Ultimately, the team found, for the first hypothesis, limited evidence of a direct, Agreement-driven shift in corporate behavior. Paris did not provide strong incentives for decarbonization, and details are still being negotiated, for instance, at the ongoing COP29 in Azerbaijan. Regarding the second hypothesis, the Agreement likely contributed to some national policies, most clearly in the EU. For the U.S. and Japan, this is not the case. For China, the study did find policy changes, however with an unclear causal connection to Paris. Moreover, while the Agreement has led to the emergence of non-state initiatives, their impact remains unclear.
Colgan acknowledged the challenges of causal inference, as there is no parallel reality in which Paris did not occur. Instead, he proposed an intermediate standard of evidence: If rapid change followed 2015, it could be attributed to the Agreement – alternative factors that could explain changes in corporate behavior, such as technological change, did not happen as rapidly in 2015.
Colgan also contrasted the Paris Agreement with the U.S. Inflation Reduction Act, which has generated more substantial corporate investments through direct incentives. Concluding, Professor Jeff Colgan suggested that while Paris has prompted rhetorical changes, it has not significantly shifted corporate behaviors. The main impact of the Agreement may lie in energizing social movements.
During the Q&A the audience raised a number of questions, including on causality, the role of developing countries in driving policy change, and whether the Paris Agreement may contribute to decarbonization in different ways.
Has the Paris Climate Agreement Changed Corporate Behavior?
Jeff D. Colgan is the Richard Holbrooke Professor in the Department of Political Science and Watson Institute for Public and International Affairs at Brown University. He is also Director of the Climate Solutions Lab at Brown University. His research focuses on international order and security, especially as related to energy and the environment.

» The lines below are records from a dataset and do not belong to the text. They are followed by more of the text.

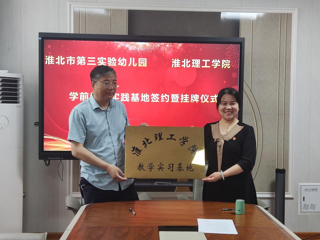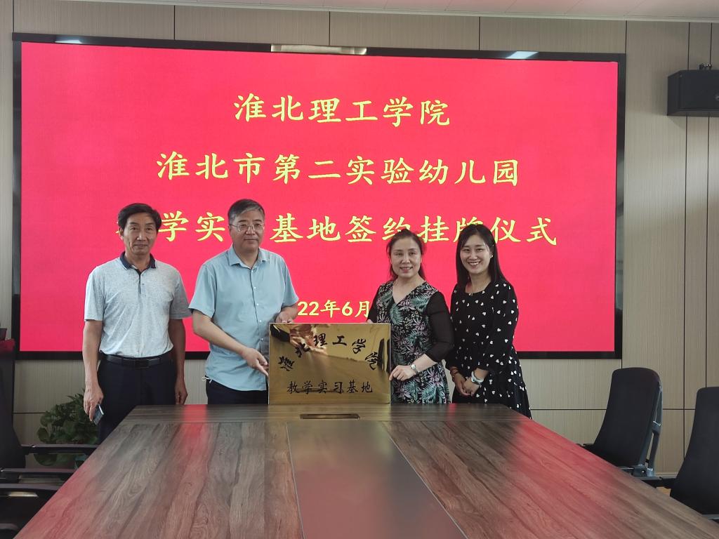 为加强基础教育师资队伍建设,提高淮北理工学院学前教育本科师范生培养质量同时助力淮北地区幼儿园更好地发展,2022年6月9日上午,淮北理工学院牵手淮北市第二实验幼儿园、淮北市第三实验幼儿园、淮北市相山区凤凰幼儿园共建教育实践基地签约暨揭牌仪式在各个幼儿园举行。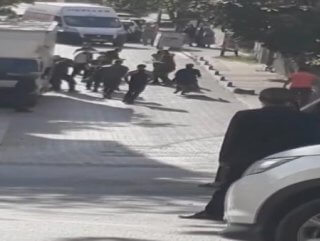 Kavga çevredeki bir vatandaşın cep telefonu kamerasına, saniye saniye yansıdı. Görüntülerde, elinde iki grup birbirine saldırıyor.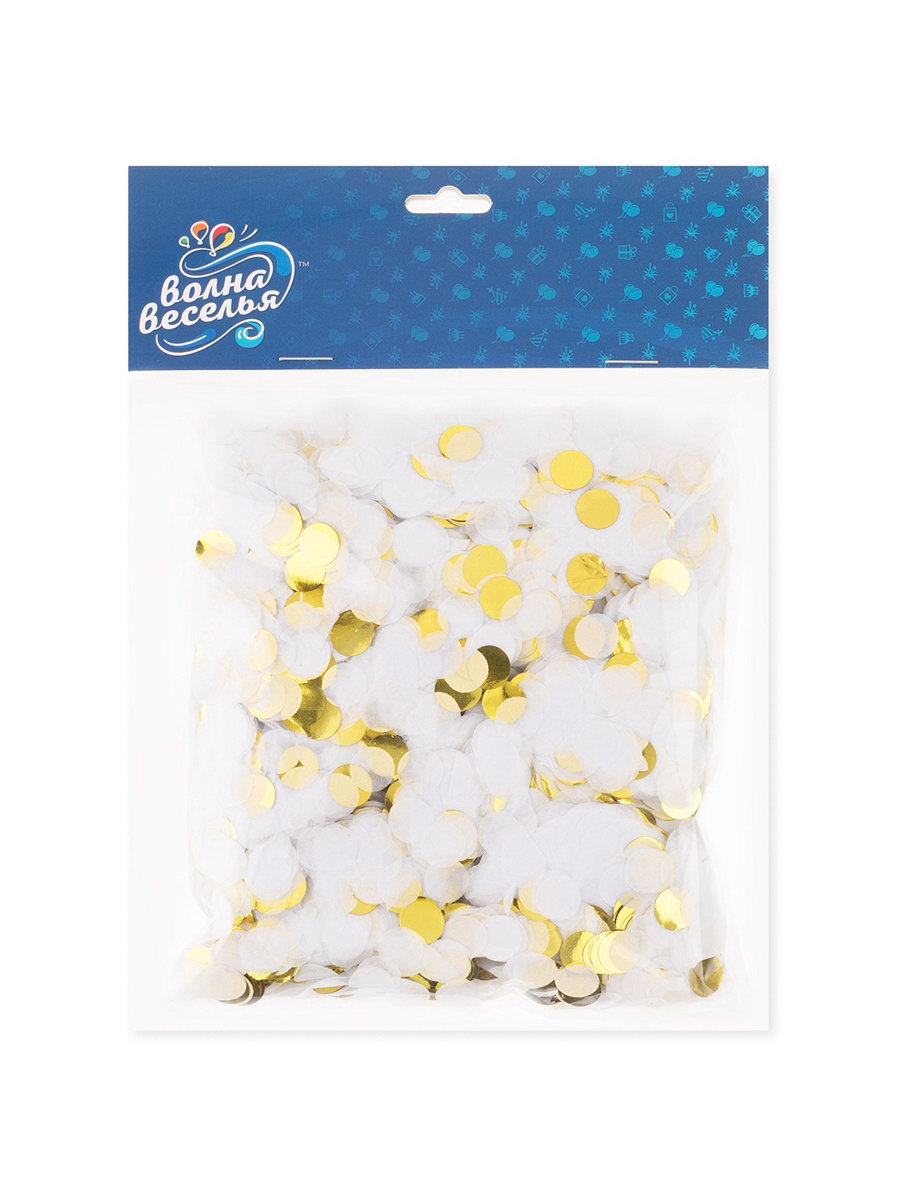 Конфетти "Круг", фольга и тишью, золотой МИКС, металлик, 1 см, 50 г, Волна Веселья, Китай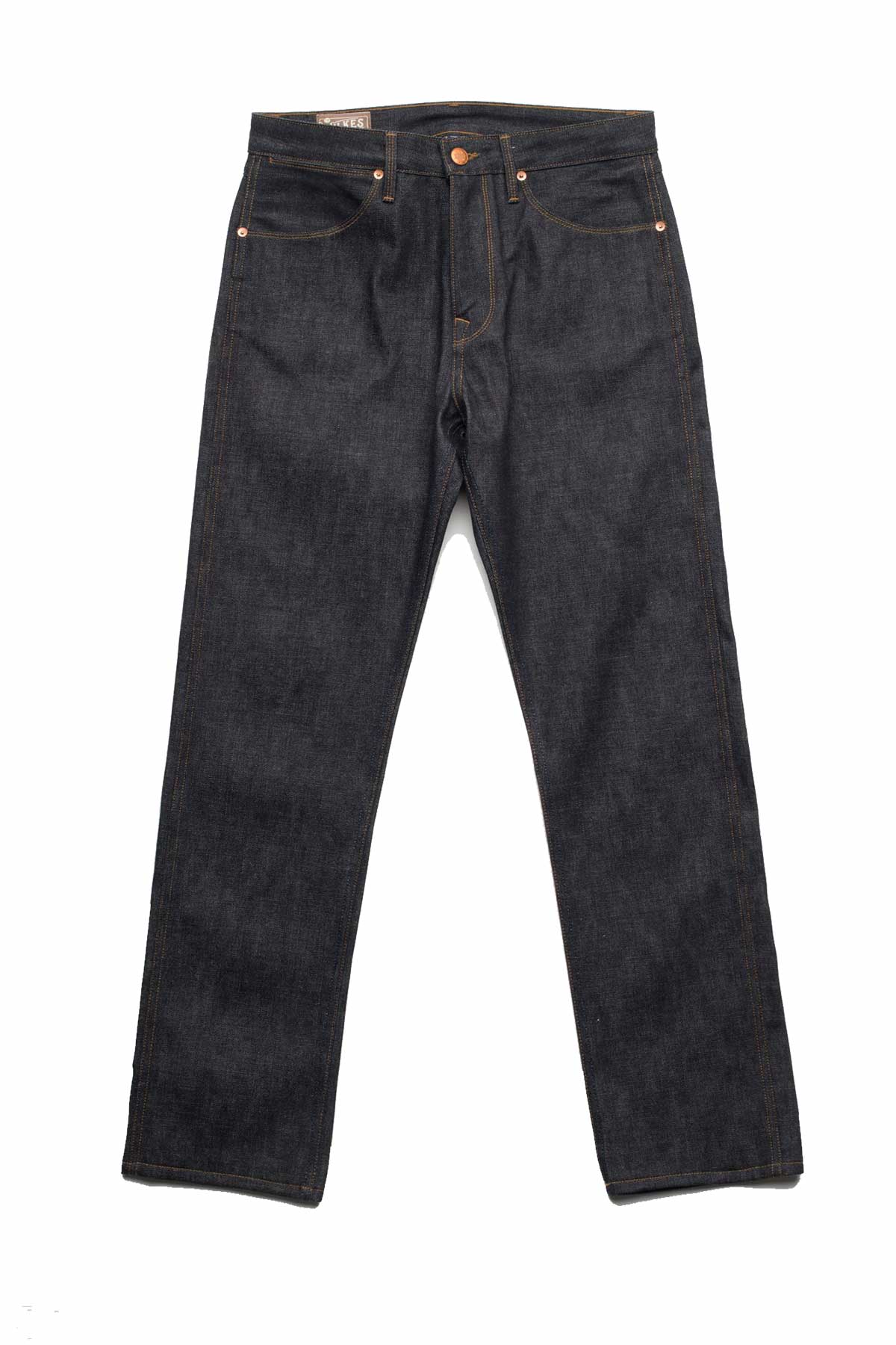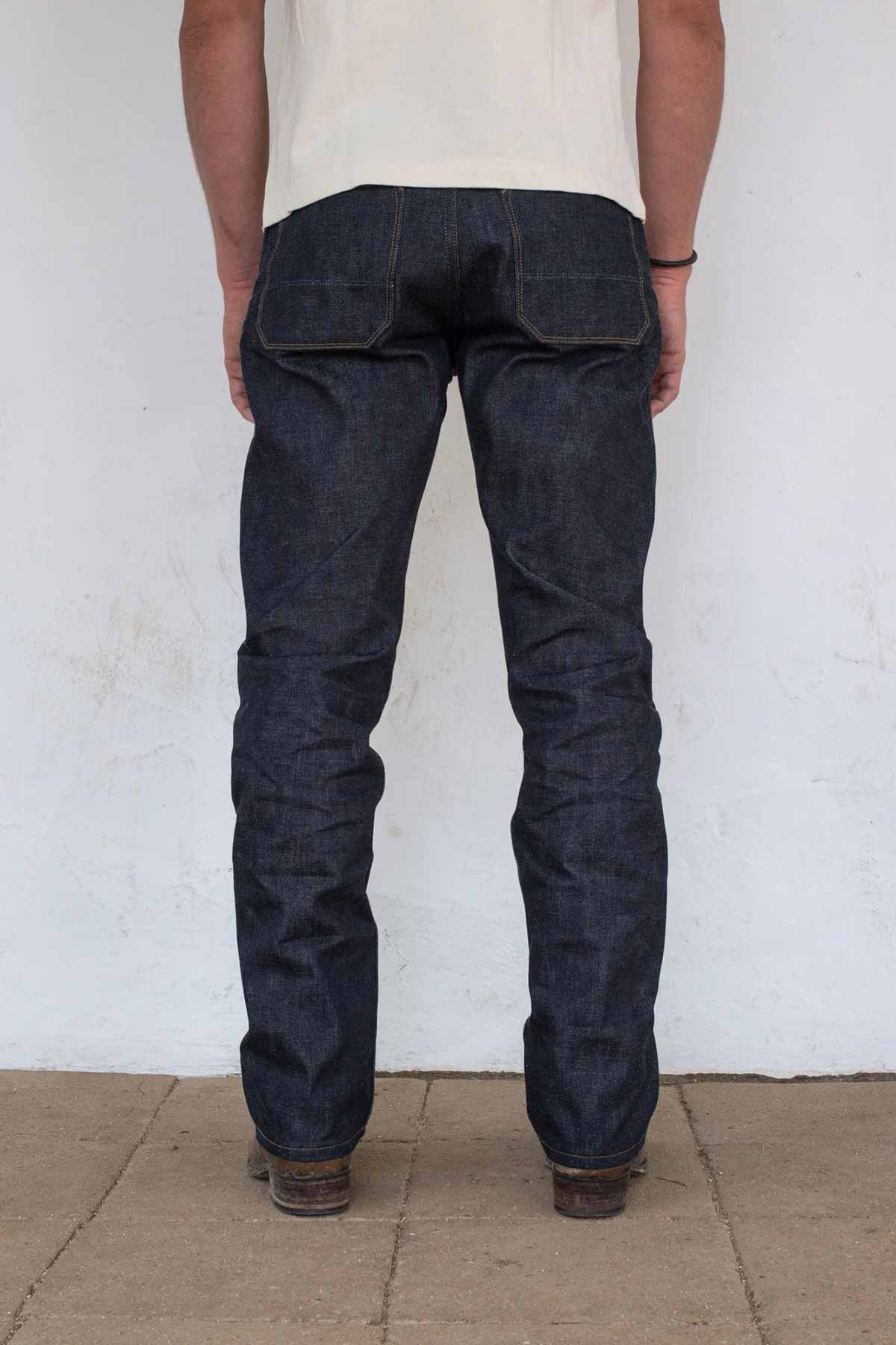 A generous top block with an elongated front rise matches with a fuller thigh and moderate taper for a fit that works great with any pair of boots. The construction details include a yoke over, a double needle outseam, and a preserved selvedge detail with the folded outseam.

His triple award-winning book, Partial Hegemony: Oil Politics and International Order, draws lessons from oil history about how states and other actors create and maintain international governance arrangements (Oxford University Press, 2021). The book then applies those lessons to other problems like climate change, peacekeeping, finance, and nuclear politics. The book won the APSA Jervis-Schroeder Best Book Award in International History and Politics, the Best Book Award (co-winner) from the APSA International Collaboration section, and the Best Book (Energy Policy--Non-Fiction) award from the American Energy Society.
His previous book, Petro-Aggression: When Oil Causes War, was published in 2013 by Cambridge University Press. Colgan has published work in International Organization, Foreign Affairs, World Politics, International Security and elsewhere. He also occasionally blogs at the Monkey Cage and Foreign Affairs.
Colgan previously taught at the School of International Service of American University (2010-2014), and was a Fellow at the Woodrow Wilson International Center for Scholars in Washington DC, in 2012-13. He completed his PhD at Princeton University, and was a Canada-US Fulbright Scholar at UC Berkeley, where he earned a Master's in Public Policy. Colgan has worked with the World Bank, McKinsey & Company, and The Brattle Group.